SOURCE MATERIAL:
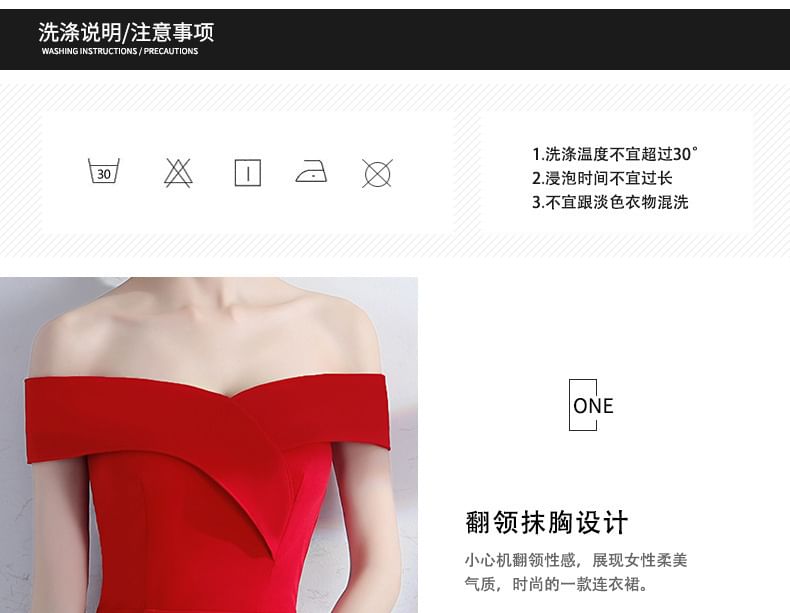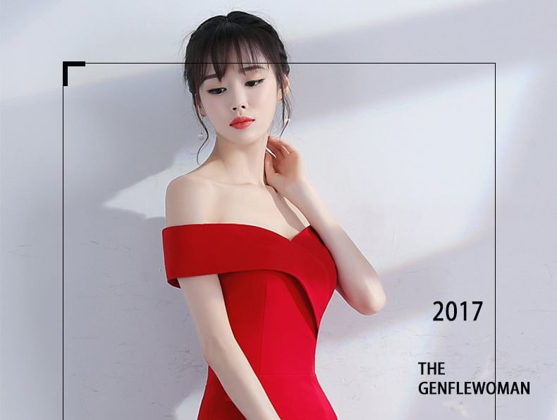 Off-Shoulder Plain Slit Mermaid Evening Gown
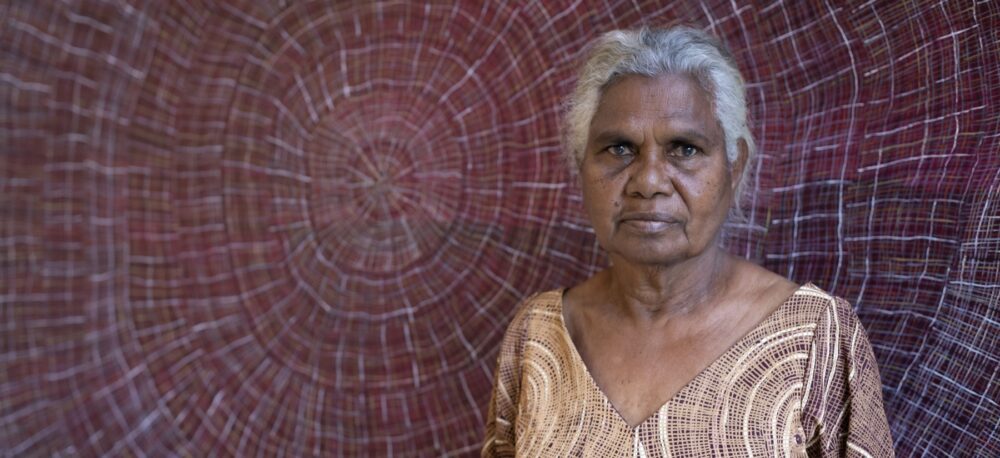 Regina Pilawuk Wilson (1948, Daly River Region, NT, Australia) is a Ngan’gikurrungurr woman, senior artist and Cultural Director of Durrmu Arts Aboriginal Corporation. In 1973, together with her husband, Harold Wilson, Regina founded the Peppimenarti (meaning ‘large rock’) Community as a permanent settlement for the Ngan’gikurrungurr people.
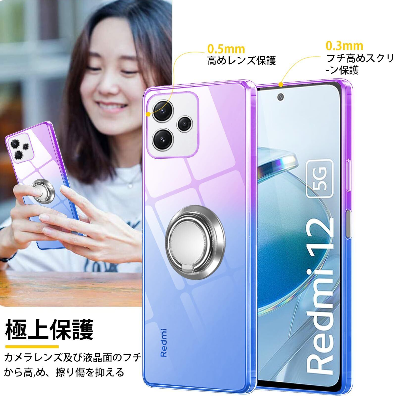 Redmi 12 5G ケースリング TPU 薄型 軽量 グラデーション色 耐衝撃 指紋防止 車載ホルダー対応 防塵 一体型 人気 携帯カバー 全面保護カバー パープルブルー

DIRECTIONS:
The required output is every line of the data above, set down exactly and stripped of pictures.

EXERCISE OUTPUT:
 Off-Shoulder Plain Slit Mermaid Evening Gown
 Regina Pilawuk Wilson (1948, Daly River Region, NT, Australia) is a Ngan’gikurrungurr woman, senior artist and Cultural Director of Durrmu Arts Aboriginal Corporation. In 1973, together with her husband, Harold Wilson, Regina founded the Peppimenarti (meaning ‘large rock’) Community as a permanent settlement for the Ngan’gikurrungurr people.
 Redmi 12 5G ケースリング TPU 薄型 軽量 グラデーション色 耐衝撃 指紋防止 車載ホルダー対応 防塵 一体型 人気 携帯カバー 全面保護カバー パープルブルー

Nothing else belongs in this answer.